Neighborhood Rosary Group

Mary’s mission is always to lead her children to a deeper union with her Divine Son. She was entrusted with this particular mission by Jesus Himself when He looked down on her adoring and sorrowful face at the foot of His cross.

With His dying breath He said, “Mother, behold your son. Son behold your mother.”

Standing there, eyes riveted on Her beloved Son, Mary was engulfed in a fathomless anguish. John, the apostle, held her up, supporting her as she watched Jesus’ final agony. In their grief and their love for Jesus, Mary and John’s hearts were united.

Jesus was returning to His heavenly Father but He would not leave us orphans. Mary had cared for His every need throughout His earthly life, now He was giving His mother, not just to John, but to all of humanity so that she might do the same for us.  Who better to fulfill this mission than the Mother of God herself?

Yet, though we may know all of this, we often act as if we are orphans. When we hear the terrible headlines of the day and fear the future, we can easily find ourselves believing that evil’s triumph, at least in the short term, is inevitable.

Personally, I know that I have often struggled, especially in the wake of the Sandy Hook massacre and the Boston bombings, to believe that my measly prayers could have made even a dent in the tide of evil that appeared to be swamping our beloved country. From talking with others, I realized that many of us seemed to be dispirited and grappling with a sense of hopelessness.

Then in April of 2013, when our family was visited by one of several  traveling images of Our Lady of Guadalupe,things began to shift. These traveling images, exact photographic replicas of the tilma hanging in the basilica in Mexico, have been associated with many conversions and healings, both spiritual and physical, as well as other interesting phenomena.

On the Feast of the Annunciation, I met a neighbor I barely knew in the parking lot of  our local parish. I felt inspired to ask John if he would like the traveling image to visit his home that night. He agreed, and within a few minutes, Mary was ensconced in his living room, much to his wife, Donna’s,  immense surprise.

I returned home, but within two hours, Donna called and said excitedly that my family needed to come right over – something incredible was happening!  We rushed over to discover that the street in front of their little home was lined with cars and her living room was filled with people praying with the image of Our Lady. It was a very moving scene. Somehow, in response to a few quick calls from Donna, neighbors  were arriving non-stop to see Mary. Witnessing this surprising and encouraging scene, it was suggested that perhaps we could start a weekly neighborhood rosary group.

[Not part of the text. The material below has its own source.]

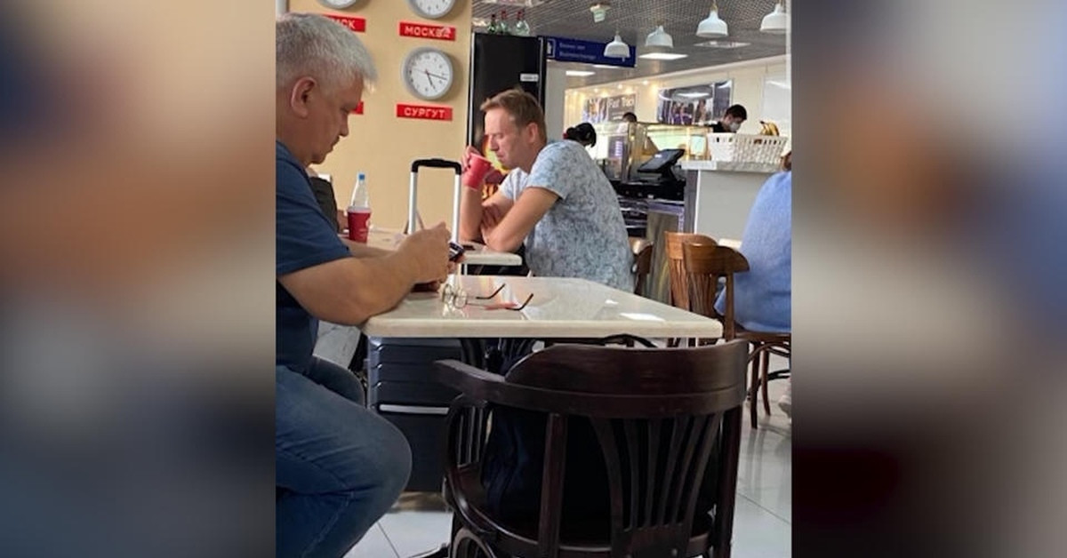Сейчас в СМИ опубликованы записи с двух разных камер наблюдения. На одной зафиксировано, что Навальный пил кофе, принесенный Пахомовым.

The following month, we began to meet each Thursday night in each other’s homes for one hour to pray the rosary for the needs of our neighborhood.  The idea of bringing light to those in darkness, right there in our own area, inspired us all. To pray for our world, and our nation are of course important, but to pray for our particular area, the place where God has sent us to live, seemed to be what Mary was asking of us.

Each week, we now gather to lift up those we do know, in our families and circle of friends, but most importantly we gather to pray for those we may never know. We ask God to bring His powerful grace to our neighbors, whoever they may be. We ask that He lift up the forsaken, the lost and lonely, those who have turned their backs on God, those who might be ill, or addicted, or in a crisis pregnancy. We pray for the protection of the teachers and the children in the surrounding schools and for the police, the fireman and the clergy. In short, we pray however the Holy Spirit leads us and many beautiful blessings have already resulted from this weekly hour of power.

For one thing, over the year since we have begun praying together, we have gotten to know lots of our neighbors and our prayer community has grown as word of our meetings has spread. Many in our area who cannot attend ask us to pray for them and their needs, and we frequently hear that they are grateful to us for our support and concern as well as for answered prayers.

In fact, other neighborhoods have begun forming their own prayer groups and word has even spread to a young man incarcerated in another state. This prisoner has only just rediscovered his childhood faith and through the encouragement of someone in one of our neighboring rosary groups, he has courageously begun his own “neighborhood” rosary group. Inspired to pray the rosary for the renewal and transformation of all who work and live within those walls, he has stepped out in faith and asked other prisoners to join him. Already, the prison is feeling the positive effects of Mary’s motherly love. “Coincidentally,” the prison is called Guadalupe Prison.

If you are interested in starting a neighborhood rosary group in your area, please see the page entitled Neighborhood Rosary Group DIY.

Our Lady of Guadalupe, pray for us all!